DATA FOR PROCESSING —
--*--

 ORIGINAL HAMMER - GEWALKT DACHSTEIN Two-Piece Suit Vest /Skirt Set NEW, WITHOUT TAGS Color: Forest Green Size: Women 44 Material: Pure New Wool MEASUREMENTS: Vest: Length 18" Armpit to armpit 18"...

--*--

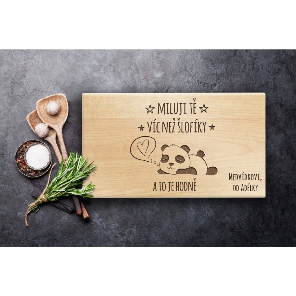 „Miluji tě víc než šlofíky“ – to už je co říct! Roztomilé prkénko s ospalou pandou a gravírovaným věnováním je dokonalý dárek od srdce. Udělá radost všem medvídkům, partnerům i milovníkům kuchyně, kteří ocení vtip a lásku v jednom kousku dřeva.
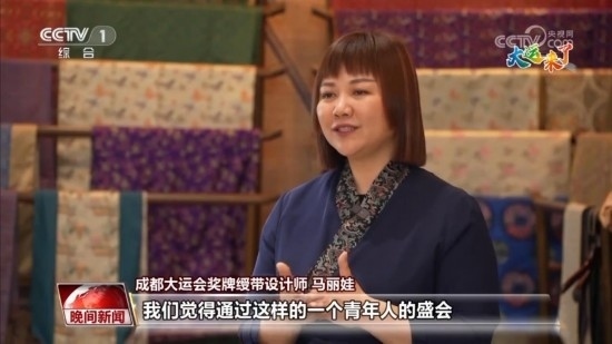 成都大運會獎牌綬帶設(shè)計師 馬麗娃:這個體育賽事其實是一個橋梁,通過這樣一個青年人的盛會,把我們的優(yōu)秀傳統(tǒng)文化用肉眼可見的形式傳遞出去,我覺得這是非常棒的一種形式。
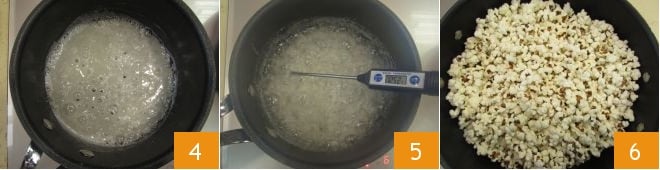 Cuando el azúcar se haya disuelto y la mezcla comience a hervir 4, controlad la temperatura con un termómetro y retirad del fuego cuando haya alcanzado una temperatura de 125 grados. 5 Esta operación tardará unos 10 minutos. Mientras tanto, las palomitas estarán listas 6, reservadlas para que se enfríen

--*--

In the listing above, find the line with "jednom kousku dřeva." and output every line through the one with "成都大運會獎牌綬帶設(shè", exactly, without the pictures.

 „Miluji tě víc než šlofíky“ – to už je co říct! Roztomilé prkénko s ospalou pandou a gravírovaným věnováním je dokonalý dárek od srdce. Udělá radost všem medvídkům, partnerům i milovníkům kuchyně, kteří ocení vtip a lásku v jednom kousku dřeva.
 成都大運會獎牌綬帶設(shè)計師 馬麗娃:這個體育賽事其實是一個橋梁,通過這樣一個青年人的盛會,把我們的優(yōu)秀傳統(tǒng)文化用肉眼可見的形式傳遞出去,我覺得這是非常棒的一種形式。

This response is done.